Currencies are power. They may function as IOUs for goods, services or resources as many economists will state and allow a society to evolve beyond bartering to a complex economy which, in our present times, spans the globe. However, in my reading, most economists blindly or wilfully ignore the most potent fact about currency. It is the power to call on the resources and abilities of a nation, to organise society as you desire, to reward or punish, and to deliver social justice or embed inequality and poverty. Whoever has that power of currency determines outcomes in society.
Most people think about currency as they think about their own money. We receive money for work done, money invested or through entitlements. The latter two based on the work done by other people and re-directed through profit-taking or taxation, people assume. We cannot have money unless work somewhere has been paid. So goes the general way of thinking.
The exception being credit. In this case, money is given on the expectation that future work will be undertaken to pay for the money being spent in the present, or some asset, like a house or car, will be used to redeem the credit. Few people have been lucky enough to be given a credit card that never requires repayment.
Yet, a credit card that is nearly infinite is close to situation that governments who have their own currency are in. They do not have to work to earn that currency. Governments can issue their own money backed by labour and resources of their country to a massive extent and it is not clear whether where the limit is to do this. (The economists are still debating; we can expect an answer within the next two hundred years.) Although, we know one thing, the limit is very large.
When the UK government first used Quantitative Easing during the financial crisis that started in 2008, it issued £400 billion pounds. This money will never be repaid and will sit on the books of the Bank of England, forever. It now stands at 40% of £1.6 trillion. How is this possible? It is simply because the BoE, as an arm of government, borrowed then lent to another part of government, the Treasury, and the BoE will not call in that debt. This is a formula the entire Chinese economy, with state run banks and companies, is based on. A country that, unlike the UK who put the £400 bn into the stockmarket, uses the power of self-minted currency to build infrastructure, fund education and develop space programmes, amongst other socially desirable needs.
Scotland, as a currency issuer, could do something similar. A Scottish currency can be issued by a central bank and spent by government with few restrictions. This money would be an IOU on Scottish labour, products and resources. In some cases, such as renewable energy, our resources are close to endless. (Will the sea run dry? Will it stop raining?) Therefore, there is a huge latitude to issue money as there will always be resources to buy.

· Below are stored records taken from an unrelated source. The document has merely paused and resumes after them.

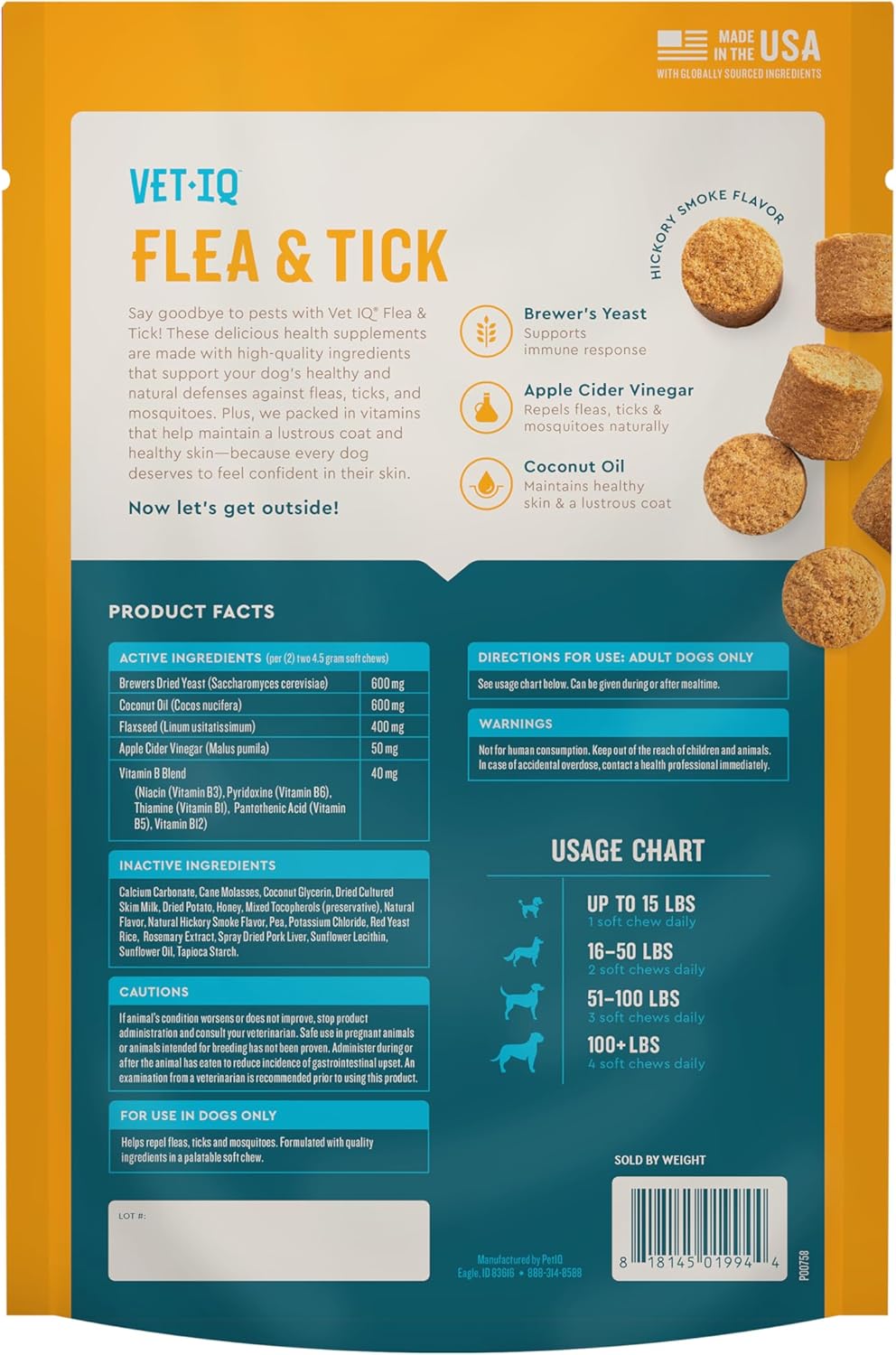- Health Supplement for Dogs: VetIQ Flea & Tick soft chews are a chemical-free way to help your dog naturally repel fleas, ticks, and mosquitoes, keeping them protected from pests without the use of harsh chemicals
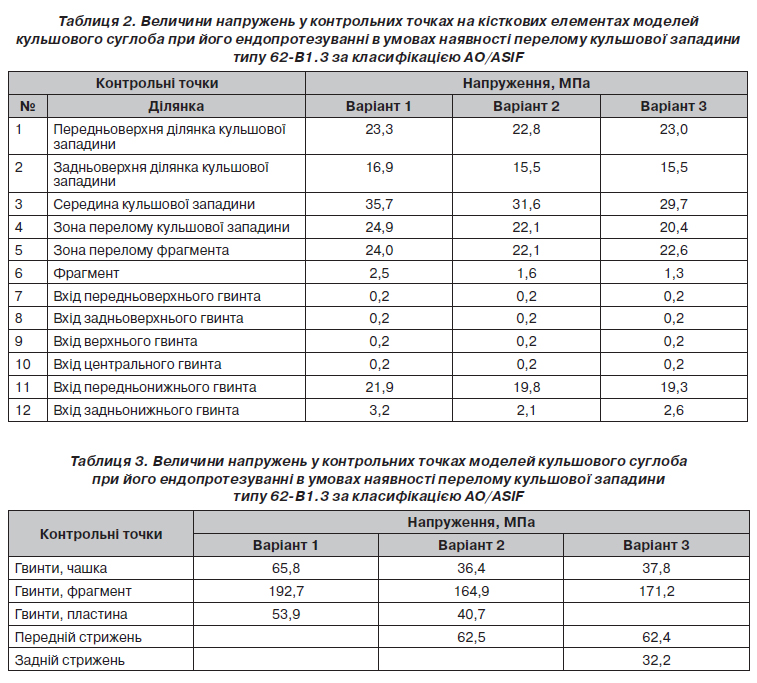 2. Використання додаткових засобів остеосинтезу дозволяє знизити рівень напружень в кісткових елементах моделі, а також на гвинтах, які фіксують чашку ендопротеза.
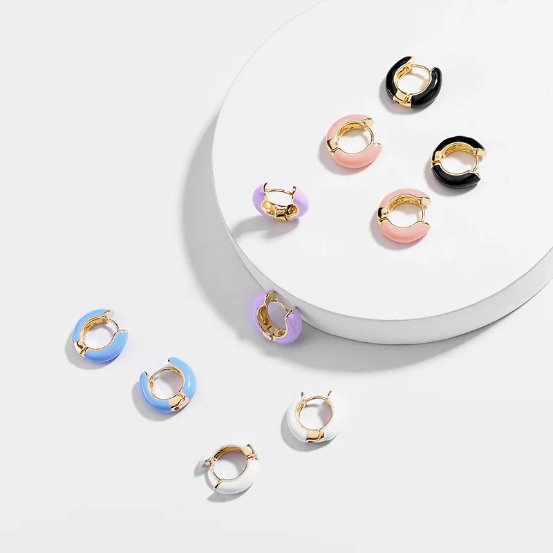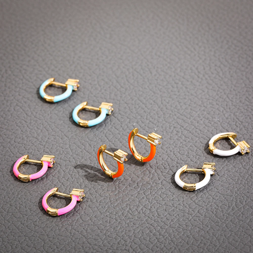Серьги-каффы женские, разноцветные, с геометрическим узором, с эмалью, маленькая серьга-кольцо
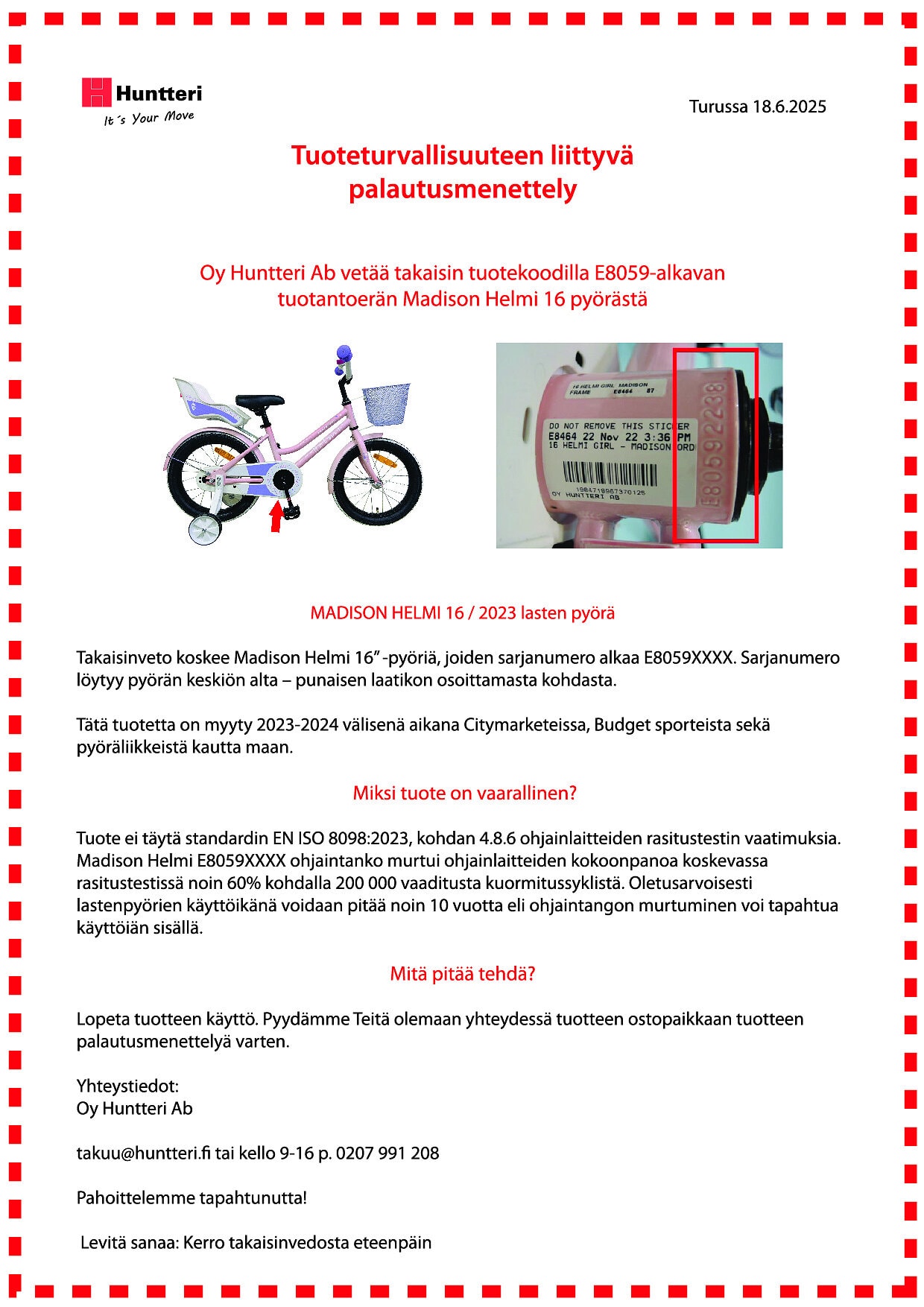 Oy Huntteri Ab kertoo vetävänsä myynnistä lastenpolkupyöriä. Syynä takaisinvetoon on tiedotteen mukaan se, että tuotteen ohjaustanko ei täytä turvallisuusvaatimuksia.

Of course, we have to be rational. No point issuing so much money that the money itself becomes unstable through inflation and the country ends-up chasing its tail as it has to create more money as prices rise. However, common sense and vigilance in this area combined with the natural working of the economy would allow Scotland to spend billions on infrastructure, education and social programmes that it cannot at the moment.
There are a few key points. A Scottish currency must be accepted as taxation by the government. A Scottish currency’s issuance must be subject to rules by all currency issuers, such as banks. And, this is very important, all debt owed by the Scottish government must be denominated in a Scottish currency.
This last point is crucial. The biggest problem with Andrew Wilson’s Growth Commission is an unheralded problem. If Sterling is to be the Scottish currency for the first ten years of an independent Scotland, then all Scottish government debt is denominated in Sterling. Not only will that give the Bank of England control over an independent Scotland’s finances for those ten years, it will likely hand control over Scotland to the City of London for decades, since it is unlikely that the UK government would agree to that Sterling debt being converted into Scottish pounds, unless Scotland was to agree some kind of currency peg. Sterling debt would either crucify us by its demands of repayment or, through a Sterling peg of the currency, require high interest rates, starving Scots of cash.
In the meantime, we could end-up watching as the UK issues Sterling with impunity, and predatory Sterling-laden investors buys-up Scottish resources and businesses, thus crippling our ability to generate cash and pay the debts we owe. The inevitable response is forced deflation and austerity for Scottish working people, by its own government. Cynical, but it’s been done before. Yet this is completely avoidable.
This is why a Scottish currency is vital to genuine independence. It gives Scotland the power to have its own purpose; its own priorities; its own economy. Scottish spending should be on Scottish needs. And we should refuse to accept any debt denominated in any another currency. If that is not on the table, then we should walk away. We can create our currency without permission. After all, despite the impression that has been fostered, it does not cost a lot of money, relatively, to create a lot of money.